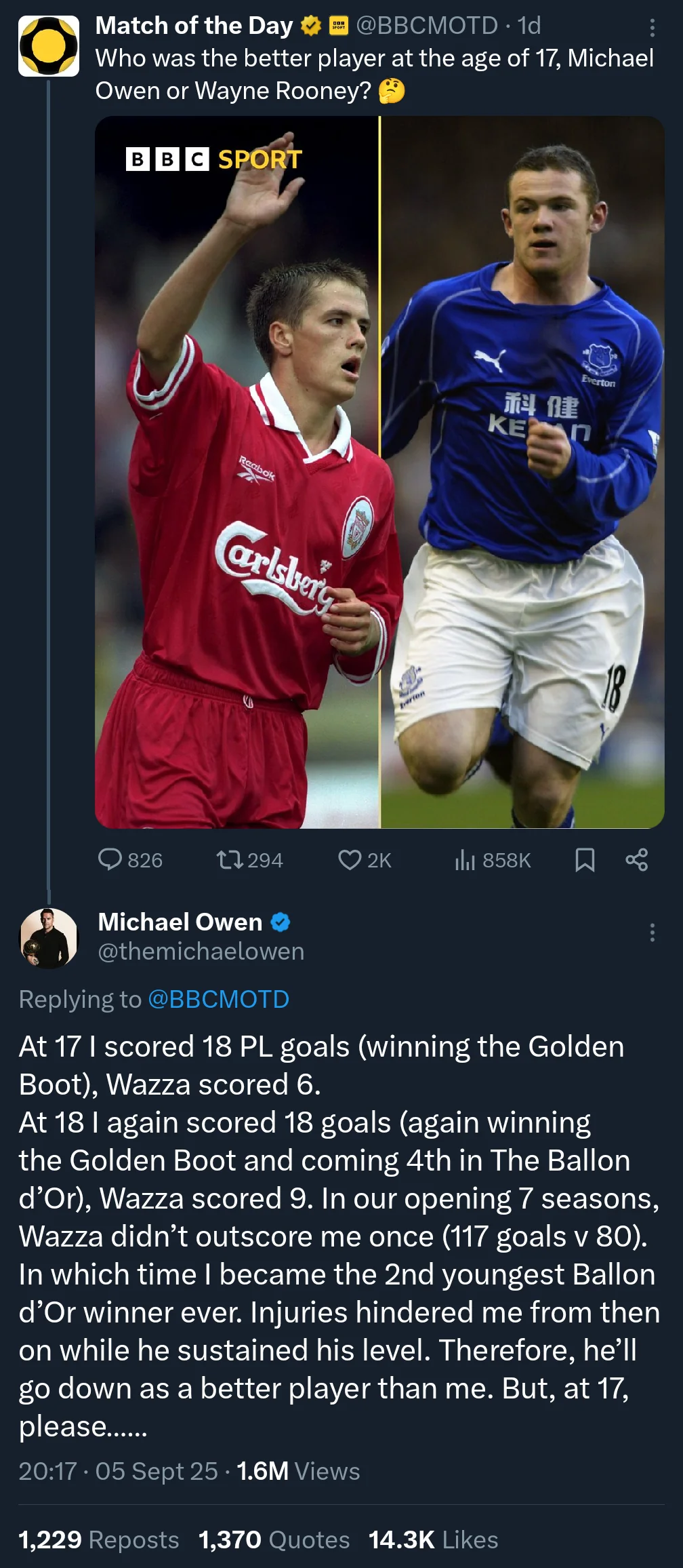 Rooney is obviously the far greater player. But Owen was miles above when comparing their achievements when they were both 17/18.
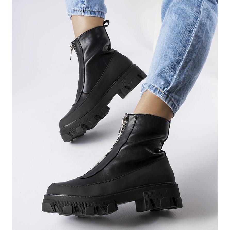 Black massive ankle boots with a Morley zipper - stylish and practical footwear for the modern woman
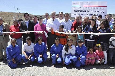 El Secretario Ruiz Esparza cortó el listón inaugural del tramo La Valenciana-Mineral de La Luz junto con el gobernador guanajuatense, niños y mujeres de la localidad, estudiantes de la telesecundaria 441 Mineral de Santa Ana y del bachillerato SABES, principales beneficiados con esta obra.
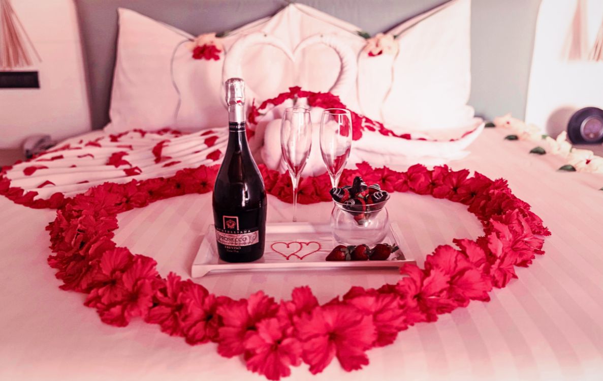 Couples can enjoy a Romantic Dinner Under the Stars on Ahima Beach, complete with a four-course gourmet meal and a fresh rose for the lady. The Ultimate Good Night Finish includes a bottle of Prosecco and chocolate-covered strawberries waiting in the villa. For a touch of elegance, the Romantic Evening with Champagne at Sunset Bar Beach offers a sunset toast with canapés. The resort also provides stunning rose bouquets as the perfect Valentine’s Day gift.

ABOUT THIS EXERCISE
Make an exact copy of the listing. Do not carry over its pictures.

RESPONSE
 Rooney is obviously the far greater player. But Owen was miles above when comparing their achievements when they were both 17/18.
 Black massive ankle boots with a Morley zipper - stylish and practical footwear for the modern woman
 El Secretario Ruiz Esparza cortó el listón inaugural del tramo La Valenciana-Mineral de La Luz junto con el gobernador guanajuatense, niños y mujeres de la localidad, estudiantes de la telesecundaria 441 Mineral de Santa Ana y del bachillerato SABES, principales beneficiados con esta obra.
 Couples can enjoy a Romantic Dinner Under the Stars on Ahima Beach, complete with a four-course gourmet meal and a fresh rose for the lady. The Ultimate Good Night Finish includes a bottle of Prosecco and chocolate-covered strawberries waiting in the villa. For a touch of elegance, the Romantic Evening with Champagne at Sunset Bar Beach offers a sunset toast with canapés. The resort also provides stunning rose bouquets as the perfect Valentine’s Day gift.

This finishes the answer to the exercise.